Could they add cameras to solve this issue?

During engine failure / fire situations, I would expect that pilots are likely to be too busy to have any time left over for peering at a video feed, trying to assess the state of the wing.

In emergencies, information overload tends to make things worse, not better.

  • Having cameras pointed at the engines/wings like rearview mirrors would be helpful. It does not add that much workload if you take a quick glance in the “mirror” and figure out what the problem exactly is.

    And now we have technology that allows for cameras everywhere to give a better situational awareness across all critical aircraft surfaces and systems.

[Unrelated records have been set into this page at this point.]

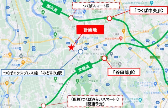 「MFLPつくばみらい」は、常磐自動車「谷田部」ICから約4.0km、圏央道「つくば西」SICから約3.6kmに位置し、国道354号線へのアクセスも可能です。常磐道を利用し東京都心まで約1時間30分程度で配送が可能で、東北エリアへの配送も対応できます。圏央道を利用することで関東近郊へもアクセスが良く、広域配送にも適しています。また、つくばエクスプレス「みどりの」駅から徒歩15分と公共交通機関による通勤利便性も高く、入居企業の人材確保においても優位性のある立地です。
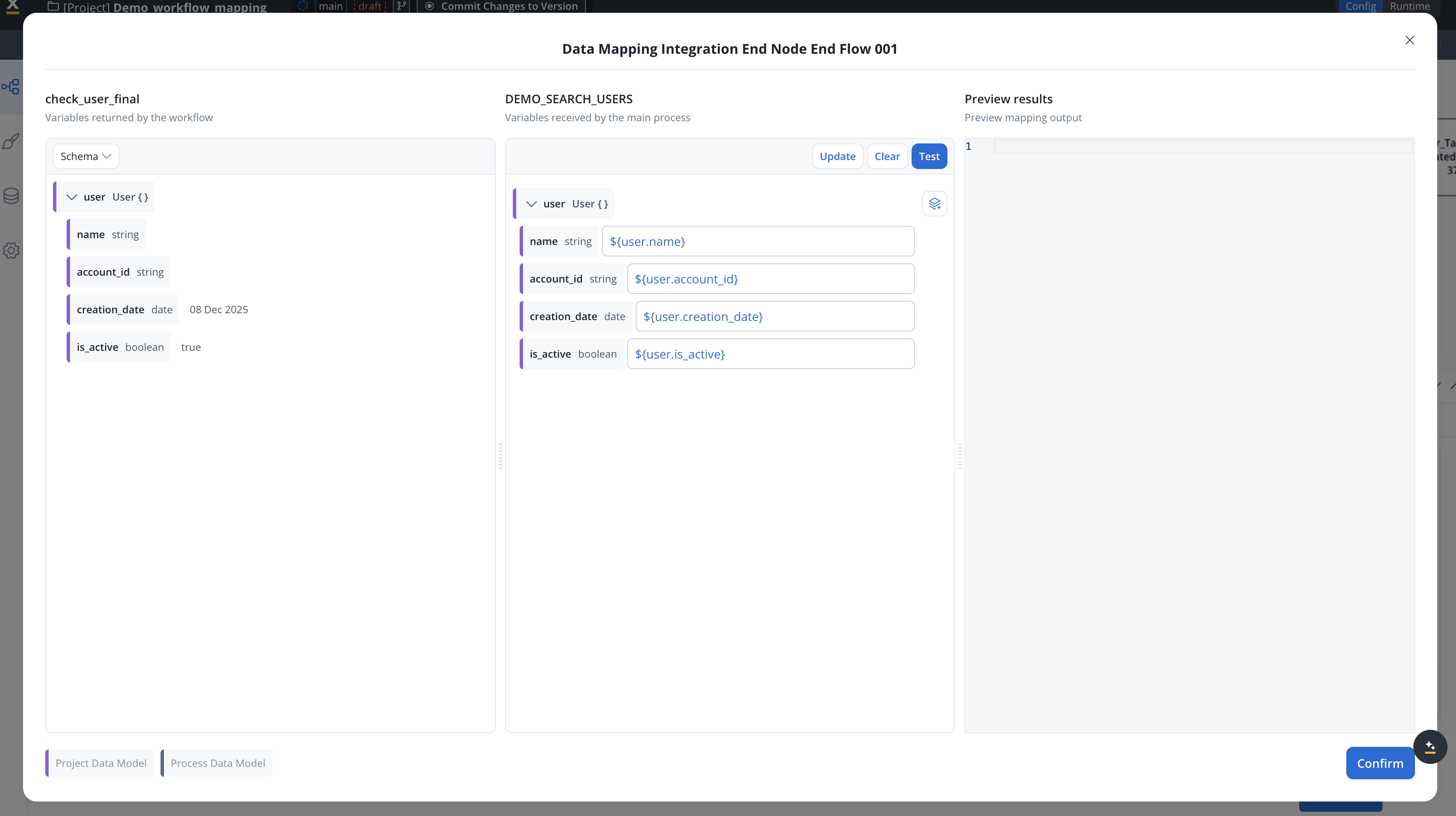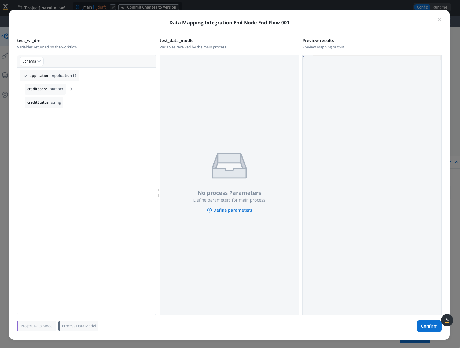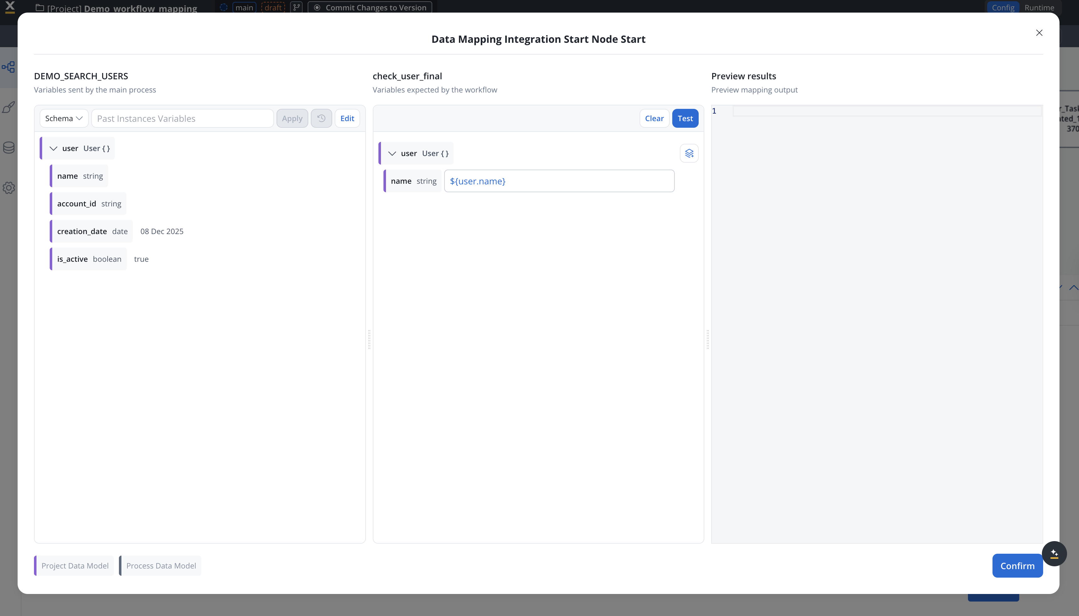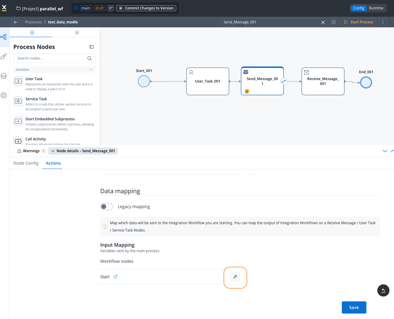 Use data mappers to pass data from processes to workflows. The data mapper configuration in the Start Integration Workflow action maps process data to workflow input parameters, independent of the workflow’s input parameters definition.- Pre-filling the Start Node when designing/testing workflows
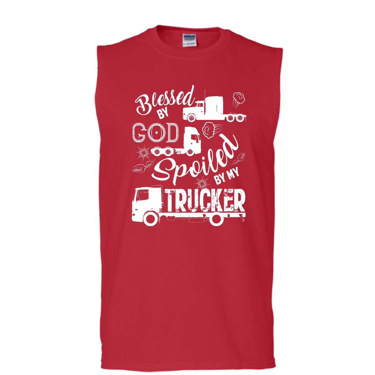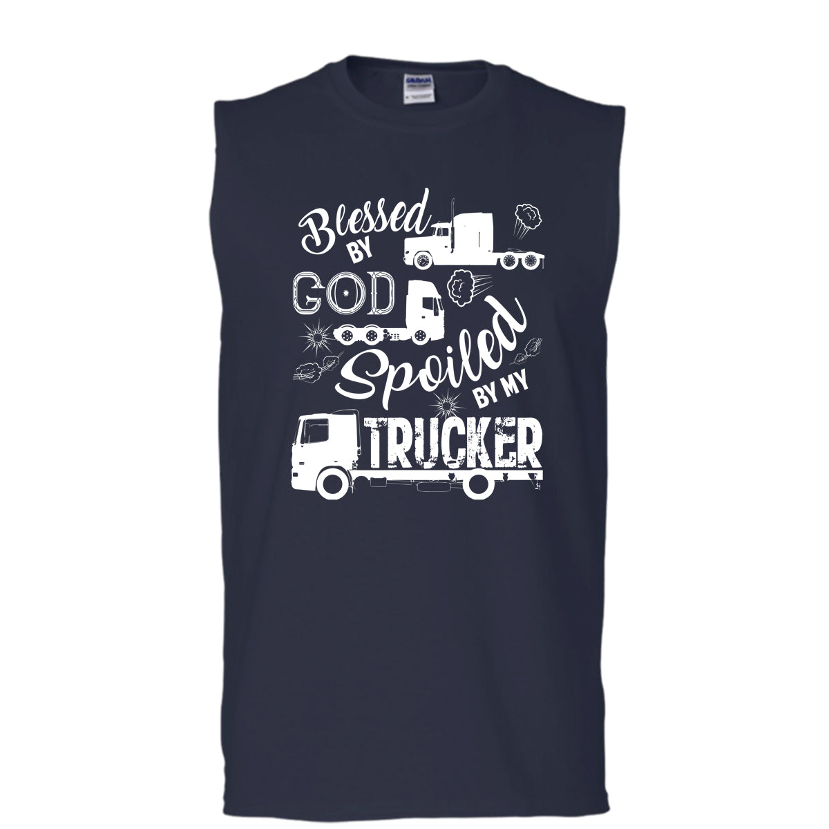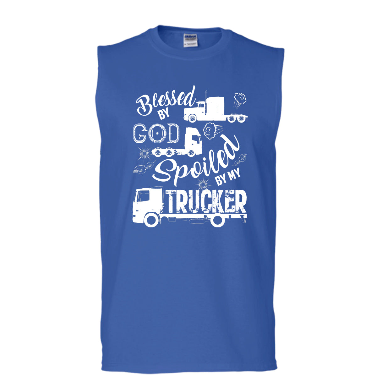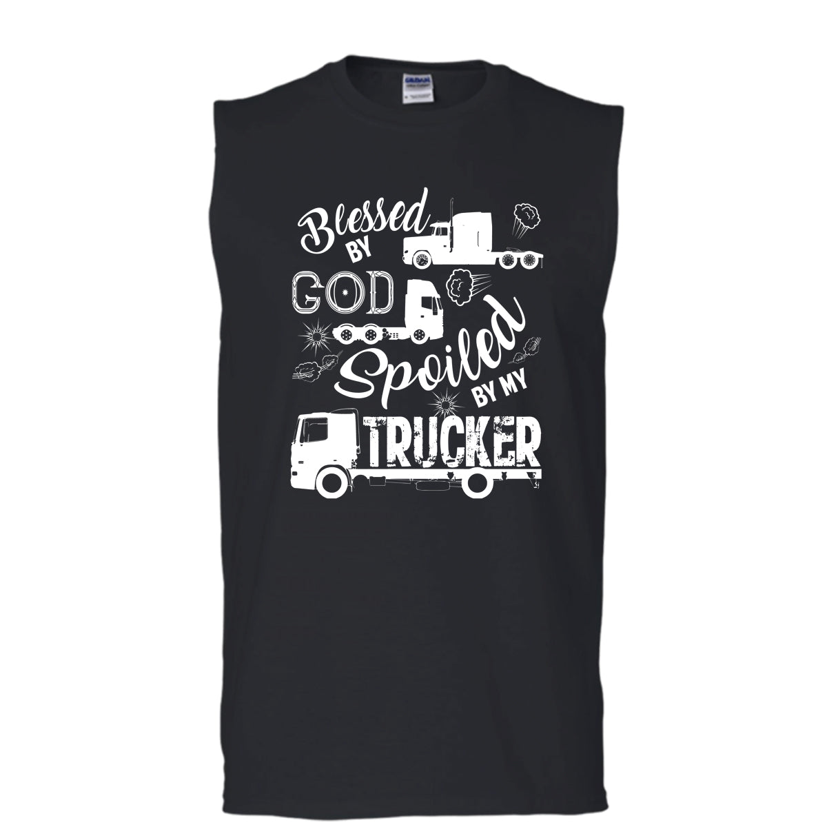 Blessed By God T Shirt, Spoiled By My Trucker T Shirt, Cool T Shirt (Men's Cotton Sleeveless)
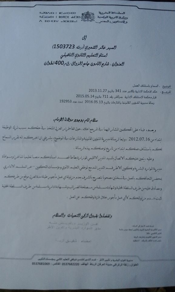 الخبر زفه الأستاذ بنفسه على الفايسبوك ، حيث أكد أنه توصل بمراسلة وزارية تفيد إرجاعه للعمل منذ يوم التوصل ، حيث سيعود إلى نيابته الأصلية طاطا حيث كان يعمل.

    It is going to take a little bit of adjusting to, but it will help improve safety in a tremendous way.

    • This would need to be tested. There's a lot going on already during normal take-offs. Now you're in a situation where the engine fire alarm is going off, probably a few other alarms, you got so many messages on your display that it only shows the most urgent one, you're taking quick glances at 50 points in the cockpit already.

      And how would the cameras even work? Are the pilots supposed to switch between multiple camera feeds, or do we install dozens of screens? And then what, they see lots of black smoke on one camera, does that really tell them that much more than the ENG FIRE alert blaring in the background?

      Maybe this could help during stable flight, but in this situation, when the pilots were likely already overloaded and probably had only a few seconds to escape this situation - if it was possible at all - I can't imagine it being helpful.

      2 replies →

    • > Having cameras pointed at the engines/wings like rearview mirrors would be helpful.

      Helpful in what way? What are the pilots going to do with the information?

      14 replies →

They surely can and this has been done. On one the flights that I took with Turkish Airlines they had a few video streams from different sides of the airplane. One was from the top of the tail and you could see the entire plane.

Now... not sure how much that is helpful in this kind of emergency, they really didn't have time to do much.

  • I'm not sure they usually have the views on screen in the cockpit in flight, even if available (and an old MD-11 freighter won't have the cameras in the first place). The picture of an A380 cockpit (on the ground) on Wikipedia does show the tail view on a screen, but its on the screen normally used for main instruments. With an A380 that had an uncontained engine failure causing various bits of havok (Qantas 32?) IIRC the passengers could see a fuel leak on the in flight entertainment screens, but they had to tell the crew as AFAIK they didn't have access to the view in the cockpit in flight.